For the first time, the phylogenetic profile was used to predict gene function based on homologies of a reference genome across organisms (Pellegrini et al., 1999). The phylogenetic profile plays a critical role in exploring gene functions (Eisen and Wu, 2002; Jiang, 2008; Li et al., 2014). In addition, the phylogenetic profile has been widely explored in the protein-protein interactions (Pellegrini et al., 1999; Date and Marcotte, 2003; Wu et al., 2003). We first combined the phylogenetic profile and the ML method to explore the PHI. The features extracted from the phylogeny can better reflect the homology relationship in the evolution of the various organisms.

We provide a new method named KPP (kmer phylogenetic profile) that extracts features from the phylogenetic profile for the ML-based method–predicted plant PHI. Our methods construct phylogenetic profiles by contig information and extend phylogenetic profiles by five various models [based on properties of amino acids (AAs)]. We concatenate the phylogenetic feature, and structure-based features significantly improved the prediction results suggesting that the descriptor features extracted from the phylogenetic profile are very important information for predicting plant PHI. In addition, the test results showed that the KPP method can also be applied to the PHI prediction of human bacteria and human viruses. The KPP method is implemented in the Java language (which supports Linux, Windows, and Mac OS platforms) and is freely accessible from the Github repository (https://github.com/yangfangs/KPP).

Results

Extracting phylogenetic profile features for predicting plant PHI

Here, we design a method named KPP that extracts features from phylogenetic profile to predict the interaction of plant pathogens and hosts (Figure 1). First, we build the contig index by kmer. We split each AA sequence into a kmer set and searched the consensus region of this kmer as contig index (Gregory, 2001). Using contigs as an index can effectively compress data compared to kmer while reducing the number of retrievals when extracting features and improving computational efficiency (Supplementary Figure 1). Second, we constructed the phylogenetic profile by the contig index; in this step, the rows and columns of the phylogenetic profile are represented by contigs and species, respectively (Figure 1A). Moreover, there were five different models used to build the phylogenetic profile. The AA profile is constructed by amino acids. The HY profile is constructed based on the hydrophilic and hydrophobic properties of AAs. The PO profile is driven by the polar properties of AAs, and the CH profile is built by the charged properties of AAs. The HY&PO&CH(CHP) profile concatenates three different properties of AAs to build a phylogenetic profile. The classification of various models based on the 20 common AAs has their specific chemical characteristics and their different roles in protein structure and function (Scheiner et al., 2002) are summarized in Supplementary Table 1. As shown in Figure 1B, we extracted features from binary phylogenetic profiles that combine or concatenate various method features to predict plant PHI. We trained this feature by the ML-based method; here, we use RF as a classifier to predict the interaction of PHI. Additionally, the area under the precision-recall curve (auPRC) is used as an indicator to evaluate the quality of the model.

FIGURE 1

Figure 1 The workflow of this work. (A) Construction of the kmer phylogenetic profile. Each protein sequence was cut to the kmer set and compressed to the contig index to construct the phylogenetic profile. There are AA, HY, PO, CH, and CHP models for building kmer phylogenetic profiles. (B) Extracting features and predicting by the ML method. There are two ways to merge features. One is the “combine method” for merging five models to extract features from phylogenetic profiles. Another is the “concatenate method” for the structure-based method. In this work, we use the RF method to predict plant PHI.

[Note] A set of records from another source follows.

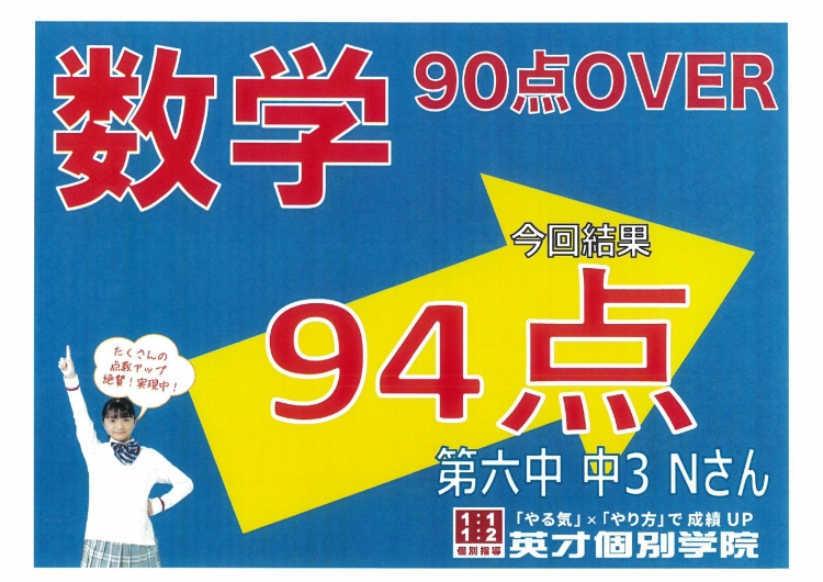 六中中3 Nさん 数学94点!
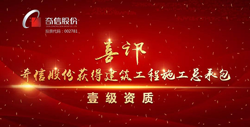 奇信股份获得建筑工程施工总承包壹级资质
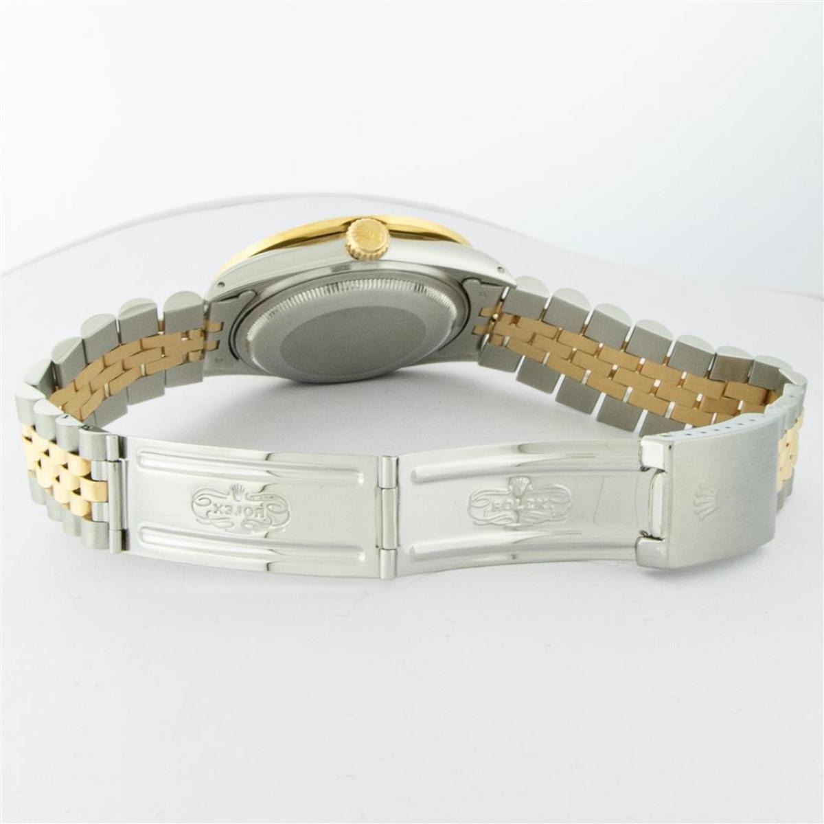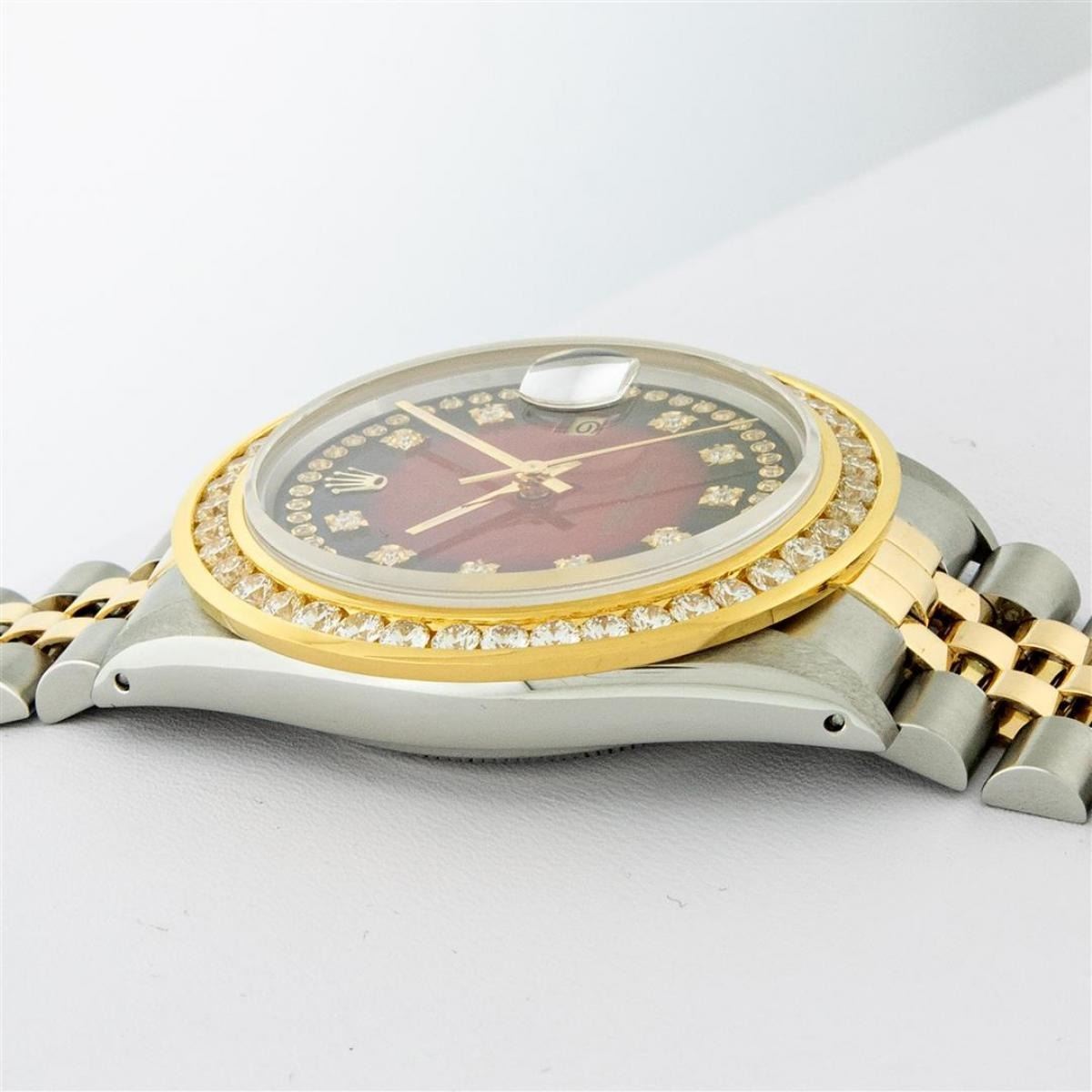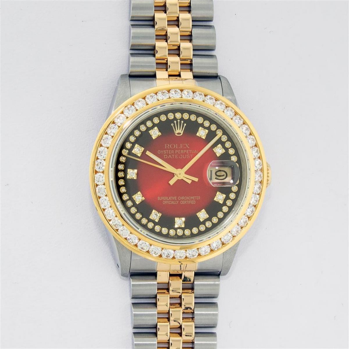 One Mens 14K Yellow Gold Rolex Datejust Polished Bright with Satin Finish, Serviced & Electronically Tested, Stainless Steel Case: 36mm, Yellow Gold Crown, Custom Bezel: New 18K Yellow Gold 3ct Channel Set Diamond Bezel, Diamond Count: 40 Diamonds, Total Weight 3.00 Carat, Clarity: SI-VS, Color: G to H. Custom Crystal: New Scratch Resistent Synthetic Sapphire Cyclops Lens. Custom Hands: New Luminecent Hands. Movement: Automatic Winding Movement Caliber 3035. Custom Dial: Red Vignette String Diamond Dial With Single Cut Diamonds, Diamond Count: 58 Diamonds In Dial, Color: G to H, Clarity: VS. Date Window: 3 O'Clock Position Date Display, Quickset, Model: 16013 Datejust. Condition: G-6 Extra Fine. Bracelet: 14K Yellow Gold And Stainless Steel Jubilee Band. Bright Polish & Satin Finish. 7.0 Inch Length, Adjustable. Standard Clasp, With Rolex Logo. This Watch Has Been Serviced And Polished It Is Free Of All Scratches And Dents. This Watch Comes With A Rolex Box, Appraisal, And Wooden Watch Box.
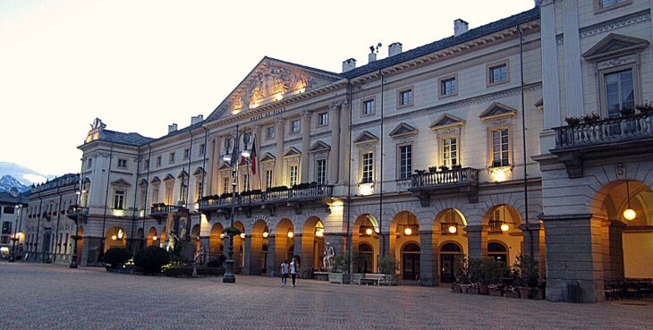 Piazza Chanoux è il centro civico di Aosta, il luogo in cui la città si riconosce dal punto di vista istituzionale prima ancora che urbano. Di forma rettangolare e dalle dimensioni contenute, è uno spazio facilmente leggibile, nel quale la funzione pubblica prevale su quella celebrativa. La piazza ha assunto l’assetto attuale nel corso dell’Ottocento, quando venne regolarizzata e ampliata secondo criteri di ordine e simmetria. In origine era intitolata a Carlo Alberto di Savoia, nome che mantenne fino al secondo dopoguerra, per essere poi dedicata all’intellettuale antifascista Émile Chanoux, figura centrale della storia valdostana del Novecento. Al centro dello spazio si trova il monumento al soldato valdostano, che ricorda il contributo della regione ai conflitti del Novecento. Sul lato principale della piazza si affaccia l’Hôtel de Ville, sede del Comune di Aosta. L’edificio, realizzato tra il 1839 e il 1842 in stile neoclassico, presenta una facciata sormontata da un ampio frontone decorato. Un porticato corre lungo il piano terreno e, alla base, trovano posto due sculture allegoriche che rappresentano i corsi d’acqua che lambiscono la città: la Dora Baltea e il Buthier. Sul tetto sono collocati un orologio, sul lato occidentale, e una meridiana, su quello orientale. Gli interni sono in parte visitabili, in particolare il Salone Ducale e alcune sale di rappresentanza utilizzate per cerimonie ed eventi istituzionali. Sulla piazza insistono anche altri edifici di rilievo. Tra questi spiccano l’Hotel Couronne et de la Poste, uno degli alberghi più prestigiosi della Valle d’Aosta nell’Ottocento, che ospitò teste coronate e capi di Stato europei, e l’Hôtel des États, edificio del XVIII secolo destinato alle assemblee cittadine del Regno di Sardegna e oggi utilizzato come spazio per mostre temporanee. Oltre alla sua prevalente funzione pubblica, Piazza Chanoux è il teatro di alcuni degli eventi più sentiti di Aosta, a partire dalla Fiera di Sant’Orso, in gennaio, e dalla Foire d’été, in agosto, entrambe dedicate all’artigianato e alle tradizioni enogastronomiche valdostane. Una tappa imperdibile.
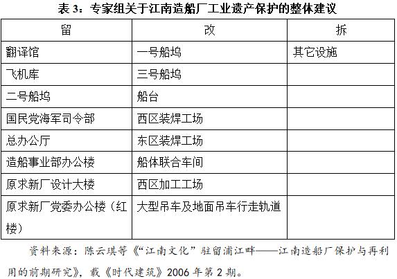 2003年兩會期間,劉慶柱等41名全國政協委員聯名提案,提案強調“江南造船廠的發展史,就是一部中國民族工業史和科技史!薄皬S區內至今保存有各個時期的代表性建筑,如江南機器制造總局初創時期的建筑,建于1872年的船塢,建于1931年的指揮樓和飛機庫、新中國成立初期的廠房以及改革開放后新建的工業建筑等。在調查江南造船廠工業遺產的過程中,無論是企業領導,還是普通員工都對江南造船廠的輝煌歷史充滿自豪!薄坝捎诮显齑瑥S的工業、倉庫設施位于世博會的核心區域,世博會的一些設施將利用現有歷史建筑和工業建筑進行改建。于是,江南造船廠舊址作為我國最重要的工業遺產,其保護問題隨即被提上議事日程!貏e是在城市化進程告訴發展的今天,如何以科學發展觀為指導,妥善處理好工業遺產與城市發展的矛盾,實現工業遺產保護與經濟社會發展的平衡互動與和諧共存,成為擺在城市和企業面前的一個重要課題!碧岚附ㄗh遵循真實性和完整性的原則,整體保護江南造船廠工業遺產;加強對江南造船廠工業遺產的工業考古研究和文獻檔案研究,制定總體保護規劃,對江南造船廠各個時期的代表性工業遺產進行整體、系統的保護,真實、全面地保存江南造船廠工業遺產的歷史信息及突出價值,盡快開展全國重點文物保護單位的申報工作;著手建設中國工業博物館和大型工業遺址公園,突出江南造船廠工業遺產的社會教育功能,將其建設成為世界水平的工業遺產博物館和弘揚民族精神的愛國主義教育基地。2004年5月《現代城市研究》雜志上首先發表了深圳大學研究生唐修俊呼吁保護和利用江南造船廠工業建筑的文章,后來又發表了劉會遠教授同樣主題的六篇文章,從學者的角度為江南造船廠的保護和利用提供了對策、引起輿論的關注。同濟大學鄭時齡院士指出,位于浦西的世博會選址規劃控制區域內大約有十余家工廠企業,是中國近代工業的發源地。在世博會場館建設過程中,一些具有歷史價值和利用價值的工業建筑、船塢和構筑物應該得到有效保護并改造成船舶工業博物館、商業博物館和能源博物館等。
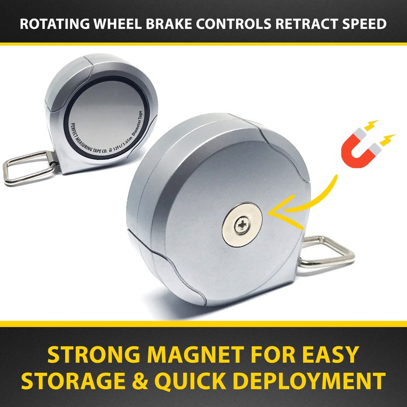 - MAGNETIC, REFLECTIVE AND RETRACTABLE TAPE MEASURE Reflective, aluminum rotating wheel brake allows for high visibility and effortless retract control. Strong magnet on case for affixing to metal objects.

The phylogenetic profile feature is significant for ML

The phylogenetic profile provided significant data features for the ML training. In this study, we chose three different pathogens Golovinomyces orontii (Gor), Hyaloperonospora arabidopsidis (Hpa), and Pseudomonas syringae (Psy), and also Arabidopsis thaliana (Ara) as the host plant (Mukhtar et al., 2011; Wessling et al., 2014). These three pathogen species and one plant species comprised the Gor-Ara, Hpa-Ara, and Psy-Ara test datasets, respectively. Gor and Hpa are eukaryotic pathogens that contain 122 and 104 positive pairs, respectively. Psy is a prokaryotic pathogen that contains 233 positive pairs. The negative pairs are 10 times as large as the positive pairs generated from random pairs in each species (Yang et al., 2019). We used the KPP algorithm to generate the kmer set to construct the contig index and phylogenetic profile. We extracted the feature from the phylogenetic profile and normalized this feature by the z-score method. The mean of these positive and negative feature data is presented in Figure 2 (taxonomy by phylum). As shown in Figure 2, all the test data show that the mean value of the feature of the negative data is stable at 0, and the positive data will fluctuate up and down the negative data and have significant differences (Mann–Whitney two-tailed test p-value< 10⁻⁸). This difference is most obvious in the interaction between eukaryotic pathogens and Ara. (Figures 2A, C). The results suggest that the extract profile from the phylogenetic profile can be used to distinguish the positive and negative pairs of each pathogen to Ara. A strong predicted true pair sample by phylogenetic profile feature was observed (Supplementary Figure 2). The predicted probability shows that negative test samples appear in the probability interval of 0 to 0.5. In the probability interval greater than 0.7, only the predicted results of the positive test samples are available. This indicates that the feature values extracted from the phylogenetic profile can better separate the positive and negative test results and have higher precision.

FIGURE 2

Figure 2 The distribution of positive and negative train feature data based on phylogenetic profile. (A) The feature data distribution of Gor-Ara. (B) The feature data distribution of Psy-Ara. (C) The feature data distribution of Hpa-Ara. (D) All-Ara feature data. All of these features were extracted from the AA model with 503 species and the kmers setting with 6. The red and blue dots represent negative and positive data, respectively.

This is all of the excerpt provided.